Land Registry plans record general boundaries. This means that lines drawn on title plans are not definitive. However, it is possible to apply to have boundaries shown on the register as “determined boundaries”: section 60(3) Land Registration Act 2002 and rules 118 and 119 of the Land Registration Rules 2003. All well and good, but what exactly is the role of the First Tier Tribunal (FTT) if an application is contested?
Murdoch v Amesbury [2016] UKUT 3 (TCC); [2016] PLSCS 14 suggested that the FTT does not have jurisdiction to decide the exact location of a boundary, because the Land Registration Rules make no provision for rival plans or for the FTT to ascertain that a boundary lies in a position different to that shown on the application plan. Consequently, if there is an argument about a boundary line, the parties must use alternative dispute resolution, or take their dispute to court, and then make a determined boundary application based on the parties’ agreement or the findings of the court.
However, Bean v Katz [2016] UKUT 168 (TCC); [2016] PLSCS 205 suggested that the FTT’s jurisdiction is not that narrow, because it will need to consider the evidence, examine the titles and make findings about the position of a boundary in order to deal with an application. The FTT took a similar line in Mehmet v Eurorose Properties Ltd [2016] EWLandRA 2015_0711, preferring Bean v Katz on the ground that it offered “a more coherent reading of the relevant statutory provisions and procedure”.
Lowe v William Davis Limited [2018] UKUT 206 (TCC) completes a hat-trick of decisions confirming that the FTT can determine an underlying boundary dispute. Furthermore, Morgan J ruled that the FTT can do so even if the determined boundary application is dismissed for non-compliance with the Land Registry’s requirements for accurate plans.

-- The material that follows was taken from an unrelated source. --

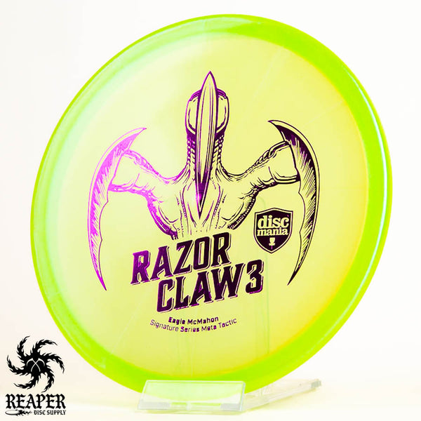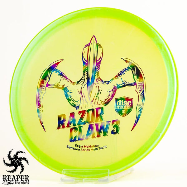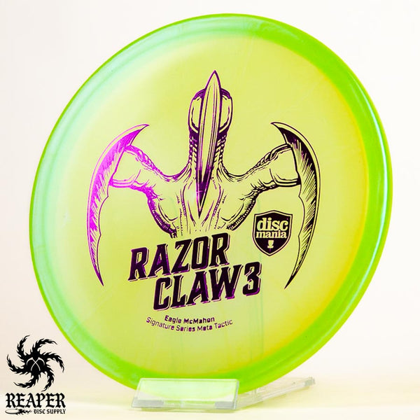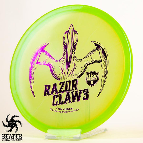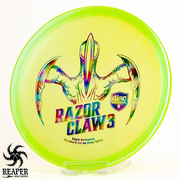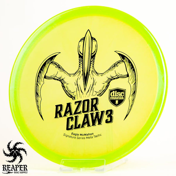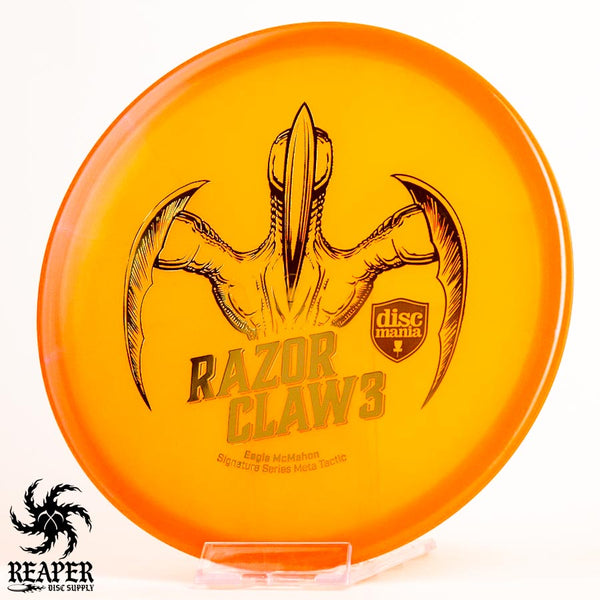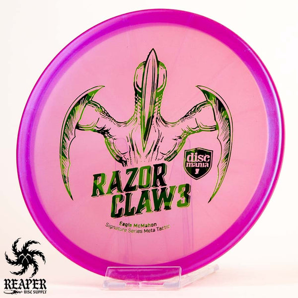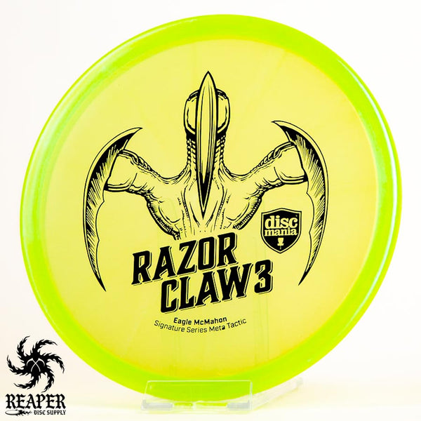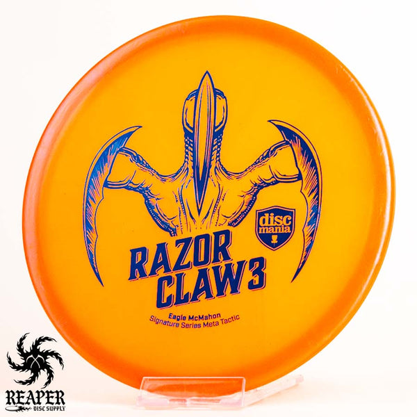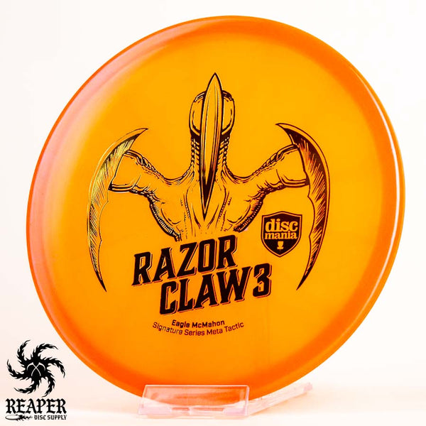 Discmania's Eagle McMahon Razor Claw 3 Meta Tactic features a fierce tri-claw stamp and is made with premium, ultra-durable plastic. If you are looking for an overstable approach disc with minimal glide that will sit under the basket then this is your disc.

The company had applied for the determination of the exact line of the boundary between its own land and land belonging to Mr & Mrs Lowe, who contested the application. The FTT agreed that the boundary was located in the position identified by the company. But it directed the Land Registry to cancel the application because, during the course of the hearing, it emerged that the plan accompanying the application was defective.

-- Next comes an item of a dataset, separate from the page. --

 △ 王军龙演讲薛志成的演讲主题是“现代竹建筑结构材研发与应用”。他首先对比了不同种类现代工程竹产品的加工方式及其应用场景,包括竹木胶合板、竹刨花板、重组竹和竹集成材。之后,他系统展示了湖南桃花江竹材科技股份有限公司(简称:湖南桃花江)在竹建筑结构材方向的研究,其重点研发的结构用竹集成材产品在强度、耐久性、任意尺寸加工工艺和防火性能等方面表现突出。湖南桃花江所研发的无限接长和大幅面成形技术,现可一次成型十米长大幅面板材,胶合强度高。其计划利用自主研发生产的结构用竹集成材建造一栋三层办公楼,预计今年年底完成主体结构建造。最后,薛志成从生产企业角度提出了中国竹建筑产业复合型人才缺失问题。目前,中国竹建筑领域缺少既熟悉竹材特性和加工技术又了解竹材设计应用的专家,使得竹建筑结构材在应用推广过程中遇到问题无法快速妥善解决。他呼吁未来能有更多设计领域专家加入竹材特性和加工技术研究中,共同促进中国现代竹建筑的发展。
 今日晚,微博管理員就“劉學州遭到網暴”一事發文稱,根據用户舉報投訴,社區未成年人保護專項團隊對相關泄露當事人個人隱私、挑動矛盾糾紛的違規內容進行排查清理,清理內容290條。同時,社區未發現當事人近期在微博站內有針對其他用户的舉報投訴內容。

Mr & Mrs Lowe appealed against the FTT’s findings as to the location of the boundary. They argued that the discovery that the plan was inaccurate put paid to the FTT’s jurisdiction. Therefore, it should not have decided where the boundary lay.
Morgan J accepted that the FTT does not have an inherent jurisdiction, but ruled that it does have jurisdiction to determine the issue referred to it and that the procedure for the determination of the exact line of a boundary is available where a boundary is disputed. The FTT may take the view that the dispute would be better litigated in the courts, but it is not obliged to do so in every case.
Furthermore, although the right order to make in response to an application will normally be a direction either to give effect to or to cancel it, that does not limit the FTT’s jurisdiction to make findings and decisions. Morgan J was not persuaded by Murdoch. Bean v Katz was altogether more persuasive and the FTT did have jurisdiction to make the decision made in this case.